BEGIN

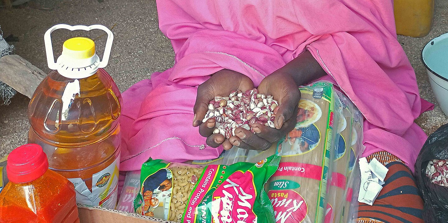 Wie Tausende andere Familien in Gwoza wurde auch Fatis Leben durch jahrelange soziale Unruhen auf den Kopf gestellt. Früher lebte ihre Familie von kleinbäuerlicher Landwirtschaft, baute Bohnen und andere Feldfrüchte an, um sich zu ernähren. Doch neben Konflikten verhindern zunehmend Wetterextreme den Ackerbau – und zerstören damit die Lebensgrundlagen der Bevölkerung. „Während der Anbauzeit gab es nicht genug Regen“, sagt Fati. „Die Bohnen konnten nicht wachsen, alles ist vertrocknet.“
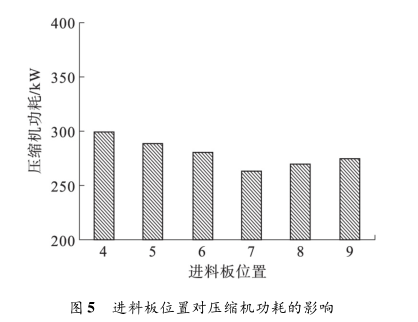 3. 3 進料板位置對壓縮機功耗影響
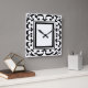 This elegant, decorative black and white clock features an ornate abstract curlicue pattern surrounding a central square.
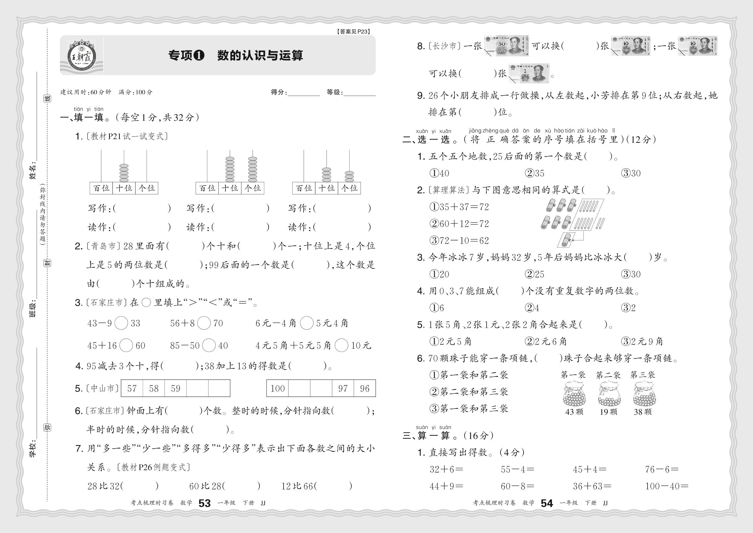 一年级数学冀教版下册专项卷

END

Your goal> Give back all the data exactly, minus pictures.

Your solution>
 Wie Tausende andere Familien in Gwoza wurde auch Fatis Leben durch jahrelange soziale Unruhen auf den Kopf gestellt. Früher lebte ihre Familie von kleinbäuerlicher Landwirtschaft, baute Bohnen und andere Feldfrüchte an, um sich zu ernähren. Doch neben Konflikten verhindern zunehmend Wetterextreme den Ackerbau – und zerstören damit die Lebensgrundlagen der Bevölkerung. „Während der Anbauzeit gab es nicht genug Regen“, sagt Fati. „Die Bohnen konnten nicht wachsen, alles ist vertrocknet.“
 3. 3 進料板位置對壓縮機功耗影響
 This elegant, decorative black and white clock features an ornate abstract curlicue pattern surrounding a central square.
 一年级数学冀教版下册专项卷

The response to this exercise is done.